[[ COLLECTED MATERIAL, beginning ]]

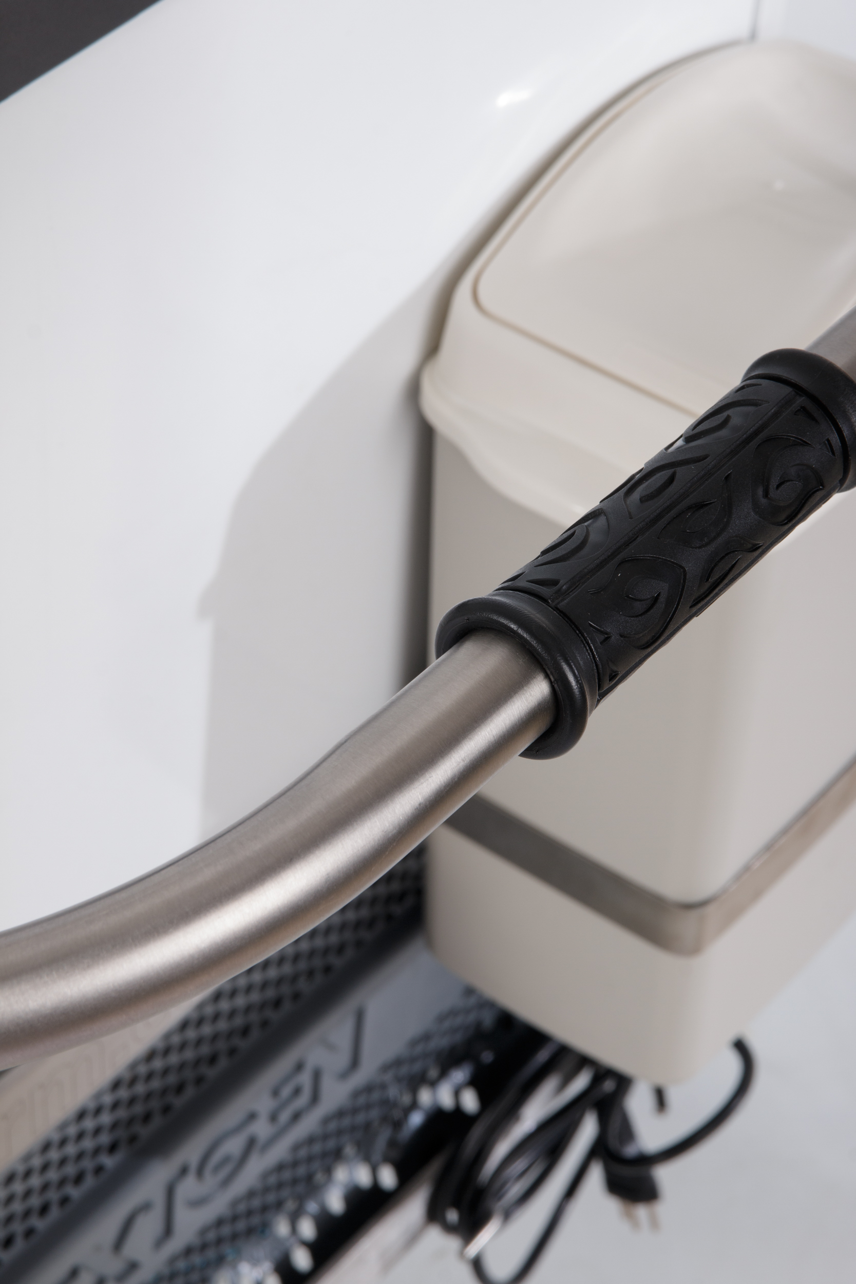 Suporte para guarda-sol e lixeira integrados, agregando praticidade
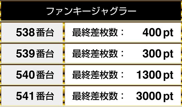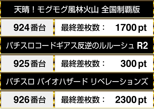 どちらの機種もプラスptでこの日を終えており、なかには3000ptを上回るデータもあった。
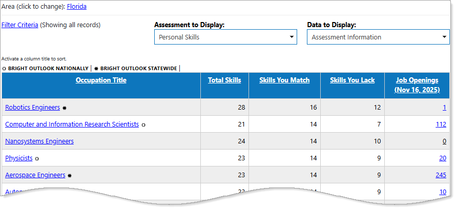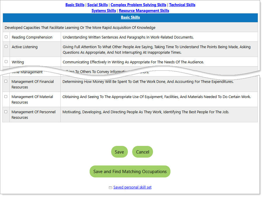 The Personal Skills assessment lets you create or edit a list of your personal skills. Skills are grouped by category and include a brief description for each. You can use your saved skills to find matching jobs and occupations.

[[ COLLECTED MATERIAL, end ]]

TRY IT ▸ Copy every line above word for word and exclude the pictures.

TASK ANSWER ▸
 Suporte para guarda-sol e lixeira integrados, agregando praticidade
 どちらの機種もプラスptでこの日を終えており、なかには3000ptを上回るデータもあった。
 The Personal Skills assessment lets you create or edit a list of your personal skills. Skills are grouped by category and include a brief description for each. You can use your saved skills to find matching jobs and occupations.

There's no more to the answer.